E quella della spesa per interessi

Nell’ultimo anno la spesa per interessi è stata pari a 85,6 miliardi, corrispondenti al 3,9% del Pil: il valore più alto tra tutti i Paesi europei (ad eccezione dell’Ungheria: 4,9%), anche più della Grecia (3,5%) e molto al di sopra della media europea (1,9%). Gli interessi pagati superano non solo la spesa per i servizi ospedalieri (54,1 miliardi), ma l’intero valore degli investimenti pubblici (78,3 miliardi) e ammontano a più di dieci volte quanto l’Italia spende in un anno per la protezione dell’ambiente (7,8 miliardi).

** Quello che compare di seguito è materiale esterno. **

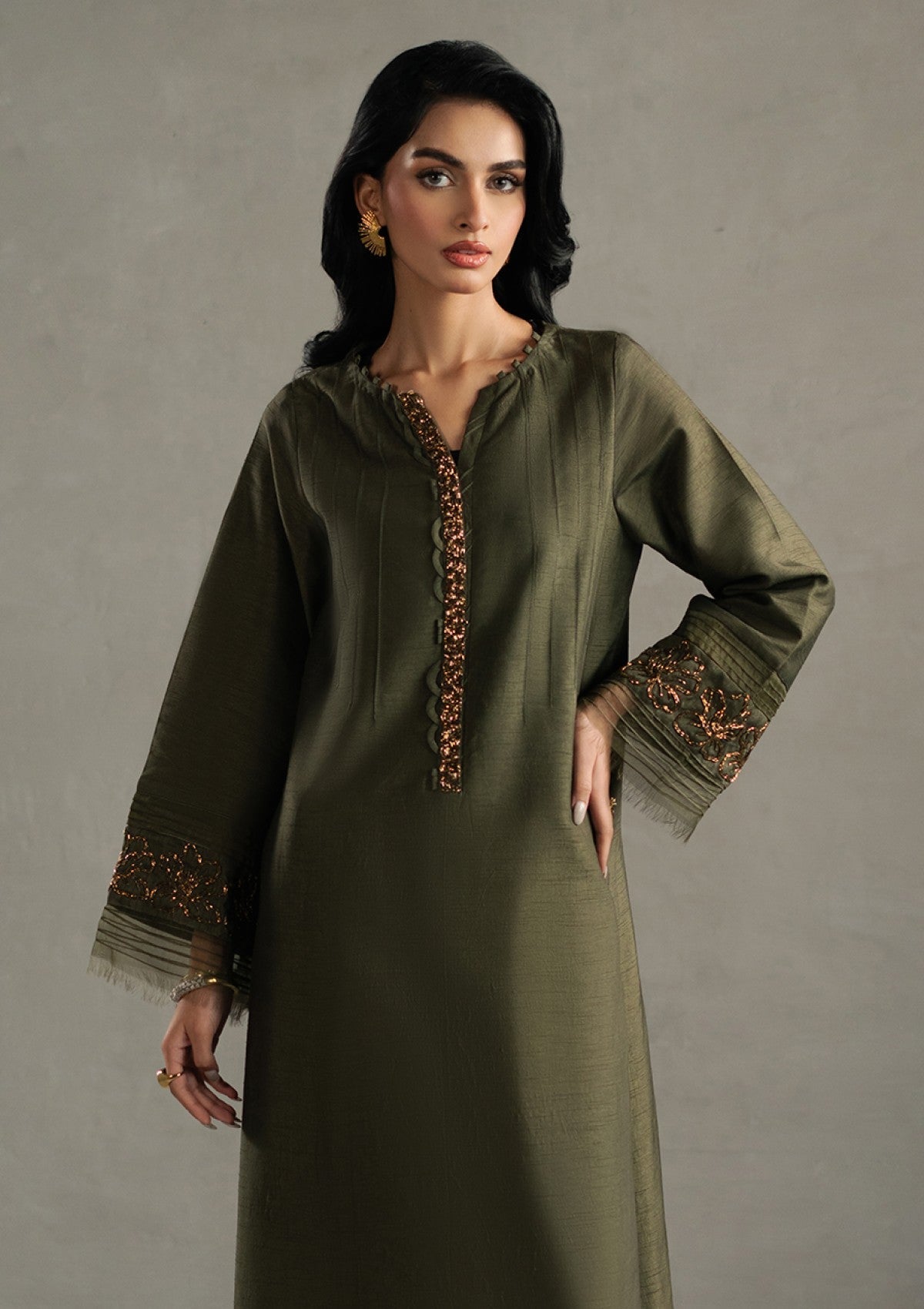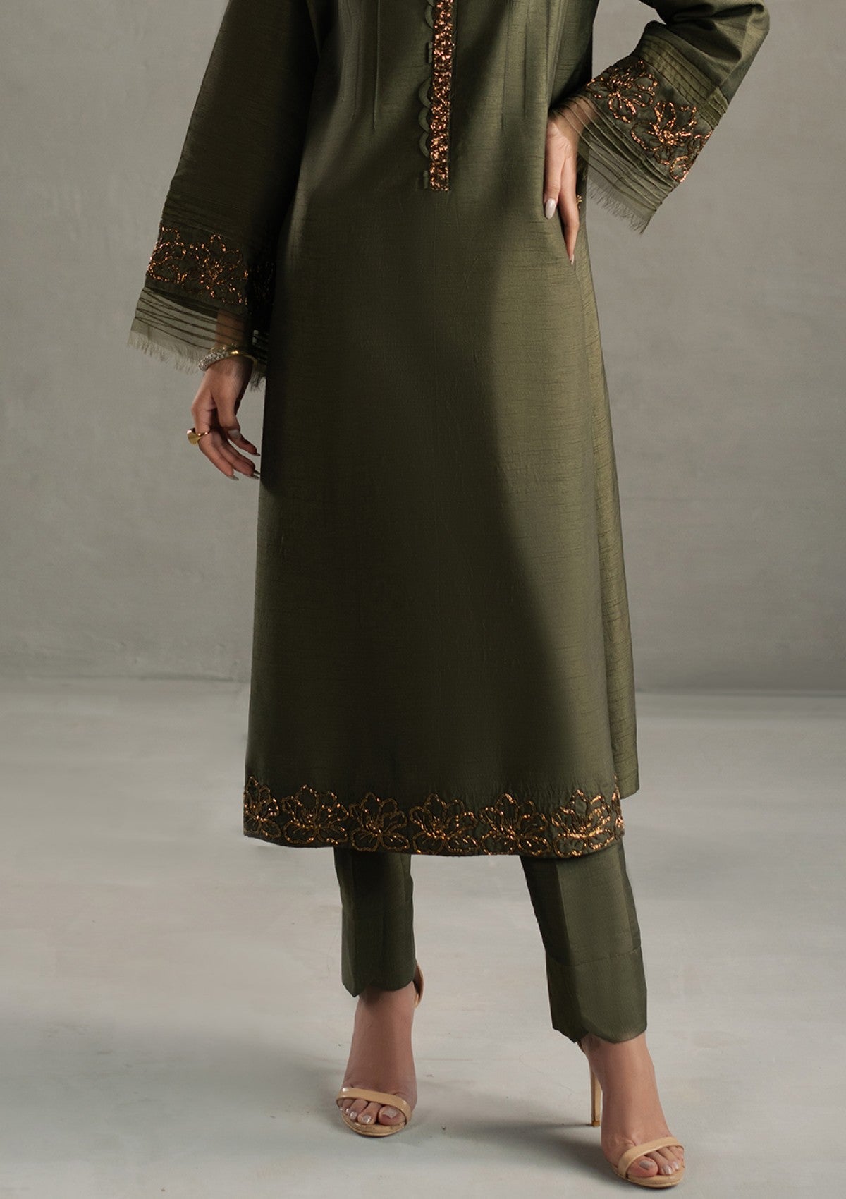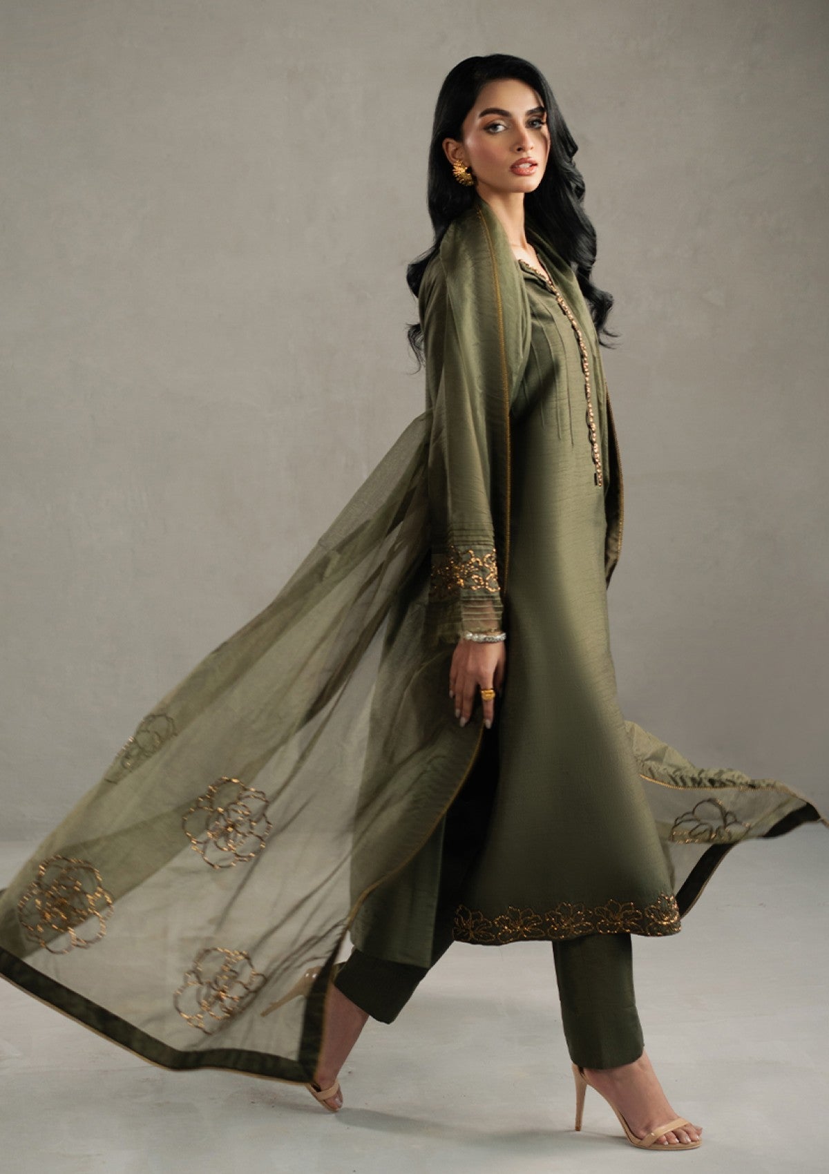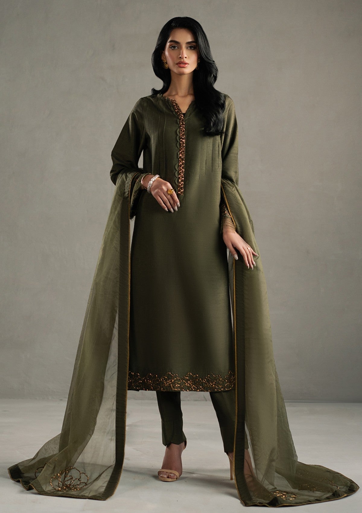 Immerse yourself in unparalleled opulence with ARIA a breathtaking masterpiece adorned in a symphony of radiant beads and intricately crafted cut Dana rosettes. This ensemble reveals a refined, elongated silhouette, with a shirt that is impeccably tailored to evoke an aura of regal grandeur. Paired with flawlessly sculpted tonal trousers, every meticulously curated detail of this silhouette speaks to an unmatched level of sophistication. A moss green organza dupatta lavishly detailed with hand-embellished intricacies, drapes effortlessly. 'ARIA" is not just an ensemble, but a statement of enduring elegance and exceptional luxury.

La demografia cambia volto all’occupazione con una progressiva “senilizzazione del mercato del lavoro”. L’incremento di 833.000 occupati registrato nel biennio 2023-2024 è dovuto prevalentemente alle persone con 50 anni e oltre, questi sono stati 704.000 (ovvero l’84,5% di tutta la nuova occupazione). Tra i giovani sono in netto aumento gli inattivi: +176.000 nei primi dieci mesi dell’anno (+3,0%). Nel biennio 2023-2024 l’input di lavoro supera largamente la crescita dell’economia: +3,7% gli occupati, +5,3% le ore lavorate, solo +1,7% il Pil. Conseguentemente, calano gli indicatori di produttività: -2,0% il valore aggiunto per occupato e -3,5% il valore aggiunto per ora lavorata.